Ranking the 2008 MVP candidates only by [the hypothetical effect a decent player at his position would have on the team's record], [Chris] Paul ranks first, Kevin Garnett second, LeBron James third, Kobe Bryant fourth, and Earl Barron fifth. (224)

Oh man does that hurt.  The “Earl Barron” part being a clear joke.  Simmons needed to pick someone who would seem so outrageous that it would elicit laughter from even the biggest Earl Barron fans (who I assume are his parents).  I have chronicled before how the Celtics take ordinary players with mundane talents and make them superstars, and they continued this disturbing trend last night with Earl Barron.  This guy was not even in the league ten days ago and lit the Celtics up with elbow jumper after elbow jumper, finishing with 17 points and 18 rebounds.

  • Tony Allen and Michael Finley were the lone bright spots in the game with an honorable mention going to Glen Davis.  Finley did what he was supposed to do and hit open shots.  TA was aggressively attacking the basket and finishing, getting to the line, and did not make any bonehead plays (although he was close a few times).  Davis had a nice box score line but looked so gassed at times and really could not stay with any of the Knicks’ perimeter forwards.
  • Danilo Gallinari had a huge game.  From a talent standpoint, this is not all that surprising as this kid can really stroke it from the outside.  Still, he should not be able to do that against players that only one game before, limited LeBron James (I’ll just leave it at “limited”).  I get that James and Gallinari are different players in terms of strengths, thus defensive schemes are different.  That, however, works both ways.  James is a far better player than Gallinari so should the defensive let-down was all the more surprising.

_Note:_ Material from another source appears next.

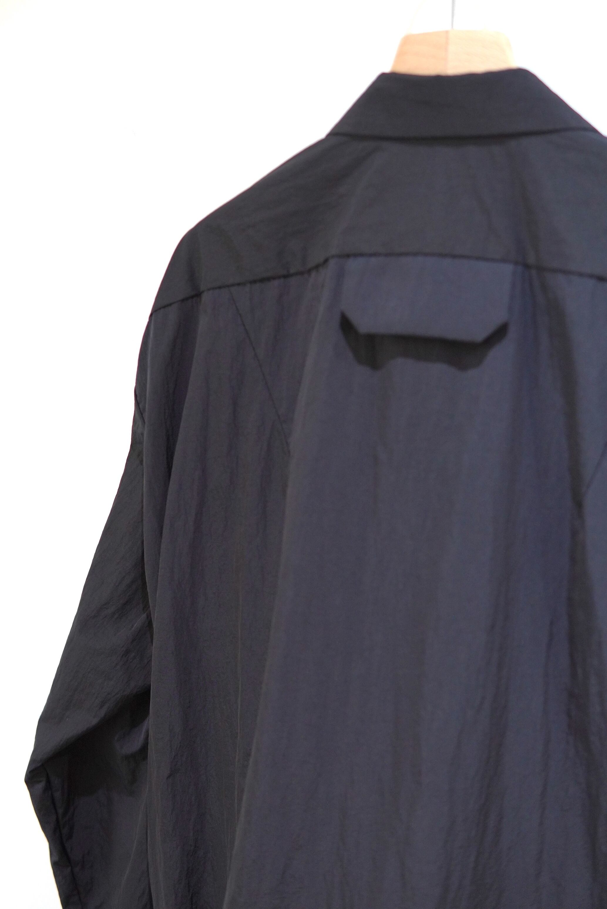 特殊加工により化繊感を軽減しヴィンテージの様なシワを表現したメタリックなナイロンタフタを、アノニマスなレギュラーカラーシャツに仕立てました。

That’s all I can muster right now.  There is plenty more but it doesn’t matter.  The Celtics take on Toronto tonight and I actually expect a win. Not because I am getting back with my cheating girlfriend, but because it is Toronto and Bosh is likely out.

I hate to say it, but ‘Sheeds’ blow up may have been a tipping point for this team.  That may have been the exact point where Doc River’s lost his influence on this team.  Say what you want about Doc, but without him, this team goes nowhere.